Я сам сходил в магазин за пластилином, купил четыре большие пачки – килограмма два. Прогулка на свежем воздухе пошла на пользу моей больной голове. Потом, закрывшись в кабинете, я мастерил подарок для Екатерины Ивановны. Мы когда-то с мамой увлекались такими поделками: на поверхности пустой стеклянной емкости, вроде банки или бутылки, с помощью пластилина создается композиция – подводный мир или дикий лес с экзотическими растениями. В итоге получаем вазу, или подсвечник, или пепельницу авторской работы. Я создал на основе трехлитровой банки, которую нашла для меня секретарша Настя, пластилина и разрезанной на портретики общей фотографии нашего коллектива здоровенный вазон в стиле «нарочно не придумаешь». Физиономии руководства завода, начальников цехов и подразделений были вписаны (вдавлены в мякоть пластилина) в кораблики, цветочки, машинки. По горлышку вазона шел затейливый растительный орнамент, по низу – оранжевые языки огня. При хорошем воображении пламя должно было подсказывать – горим, братцы, горим!

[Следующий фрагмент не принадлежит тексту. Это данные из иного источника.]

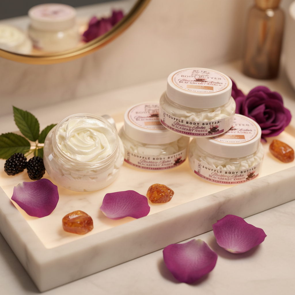 Enjoy the charming mix of bergamot, cozy amber, juicy blackberries, and cassis in this Blackberry Amber ~ Soufflé Body Butter!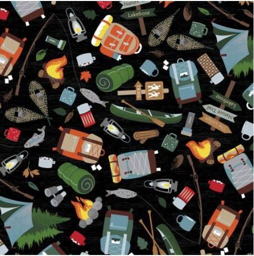 Moose Creek Lodge Gone Camping Black Cream Cotton Fabric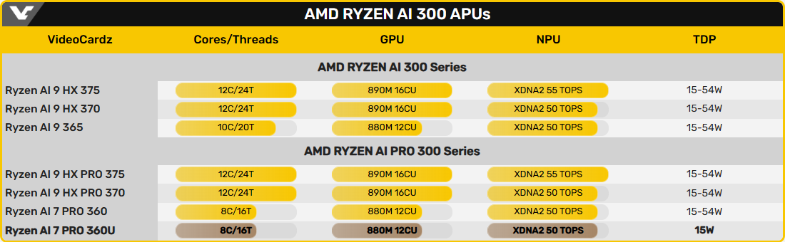 В арсенале AMD Ryzen AI 7 PRO 360U есть 8 ядер/16 потоков с архитектурой Zen 5(c), встроенная графика Radeon 880M и NPU-блок XDNA 2-го поколения с производительностью 50 TOPS. Главное отличие новинки от выпущенного ранее Ryzen AI 7 PRO 360, судя по всему, кроется параметрах энергопотребления. По мнению зарубежных коллег, штатный показатель TDP у этого процессора равен всего 15 Вт.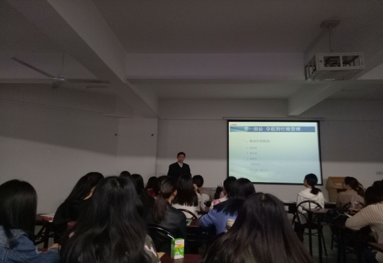 讲座伊始,黄教授首先依次向大家介绍了教育管理机构:国务院、教育部、教育厅、市教育局、区(县)教育局及其职能。随后,他还指出学校的种类主要包括:省级示范、市级示范、普通高中、民办高中以及中等职业学校。在谈到学校内行政管理机构时,黄教授主要针对办公室、教务处、政教处、总务处及其它财务等管理部门进行了详细地讲解。此外,关于学校的业务组织机构及其职能,他主要介绍了年级组、教研组、备课组、班级。
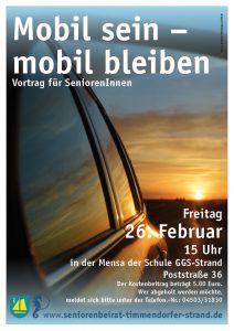 Die Vortragsreihe und Aktivitäten des Seniorenbeirates der Gemeinde Timmendorfer Strand befassen sich mit einem für diese Personengruppe wichtigen Thema, das erst in der jüngsten Vergangenheit wieder einmal für bedauerliche „Schlagzeilen“ und Diskussionen sorgte. Eine der wiederkehrenden Fragen: „sollten sich ältere Menschen ohne Gesundheitscheck bis ins hohe Alter hinterm Steuer setzen dürfen“, wird schon seit vielen Jahren leidenschaftlich und kontrovers diskutiert.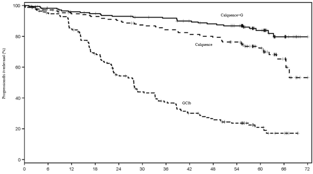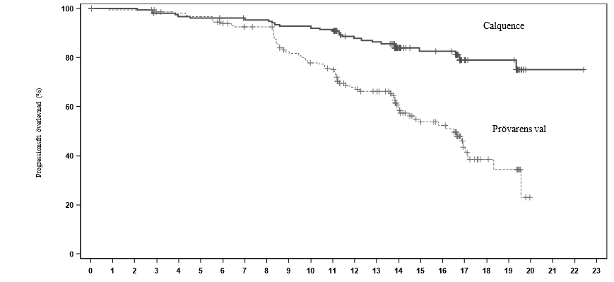 Primärt effektmått var PFS, utvärderat enligt IRC IWCLL 2008-kriterier med förtydligande om behandlingsrelaterad lymfocytos (Cheson 2012) inkorporerat. Med en median uppföljningstid på 16,1 månader visade PFS en statistiskt signifikant minskning i risk för död eller progression hos patienter i Calquence-armen. Effektresultat presenteras i tabell 13. Kaplan-Meierkurvan för PFS visas i figur 3.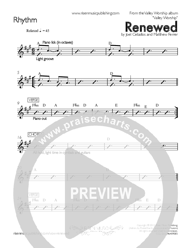 Download the Rhythm Chart for Renewed by Valley Worship / Joel Ceballos, from the album Vow.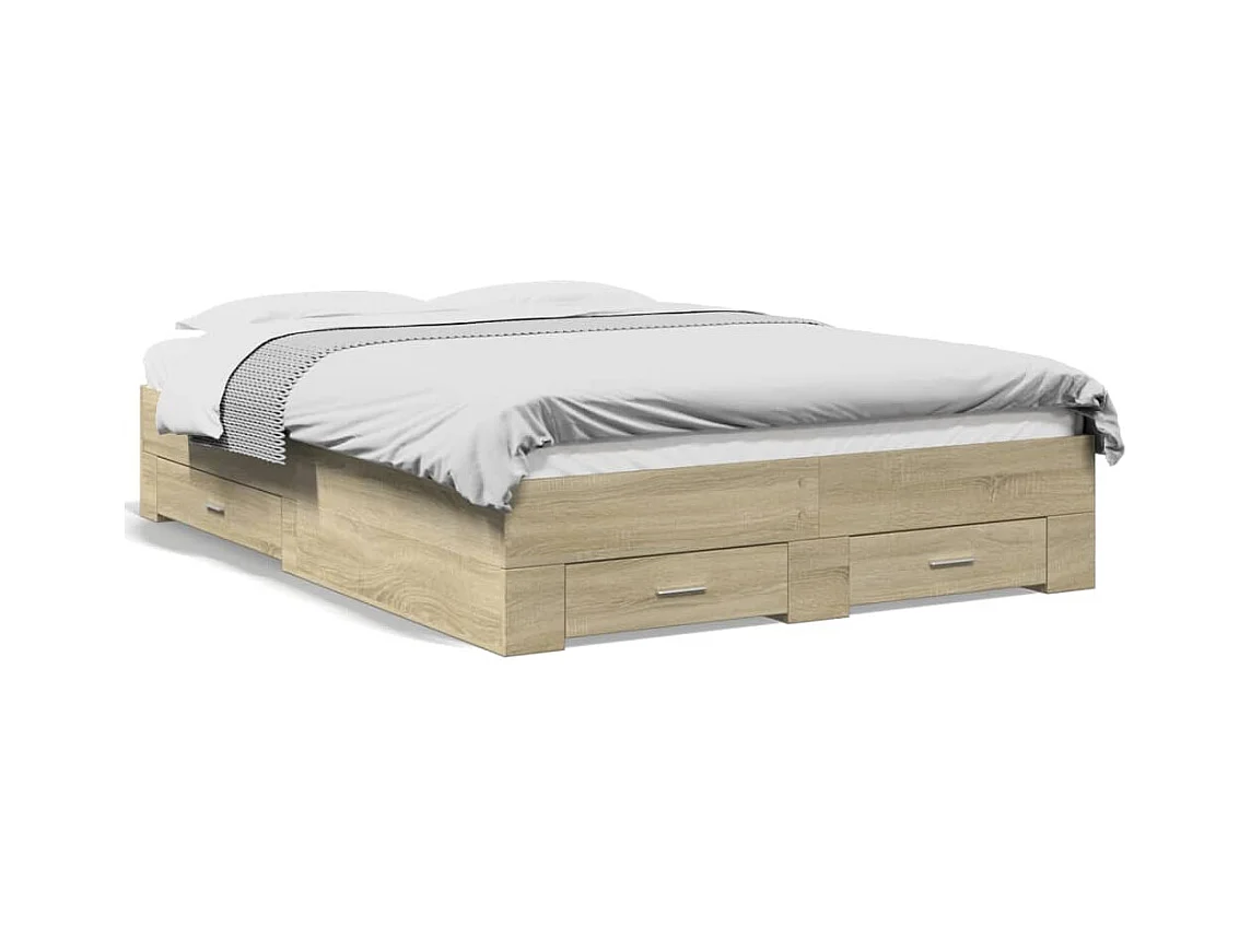 Lit double et tiroirs chêne sonoma 120x190 cm bois ingénierie FR81054

Подробно все это описываю с единственной целью – рассказать, как меня отпустило. К услугам психотерапевтов, как вы понимаете, не прибегал. Сначала напился вдрызг, испортил вечер и настроение женщине, которой прежде уже испортил жизнь, у нее же излил воды немерено, хотя знал, как она трепетно относится к каждому кубометру из-за сложного материального положения и акульих нравов коммунальных служб. Далее гавкал на работе на всякого встречного, догавкался до предложения опохмелиться. Испытал муки совести оттого, что не поздравил с рождением достойного человека. Прошелся по улице – это отмечаю особо. Было время на резкость навести, чему весьма способствует холодный осенний воздух. Потом полтора (или два?) часа, не отвечая на звонки и стук в дверь кабинета, мазал по банке пластилин, как беззубый первоклашка, готовящий сюрприз любимой бабушке. Бабушка у меня была короткий и смутный период, я почти не помню бабушку. А мама была долго и счастливо. И, обращаясь к ее памяти, сознаю, что мама была бы бессильна помочь мне. Как живой и здравствующий папа. Другое время, другие вирши. Иной возраст – иные гормоны.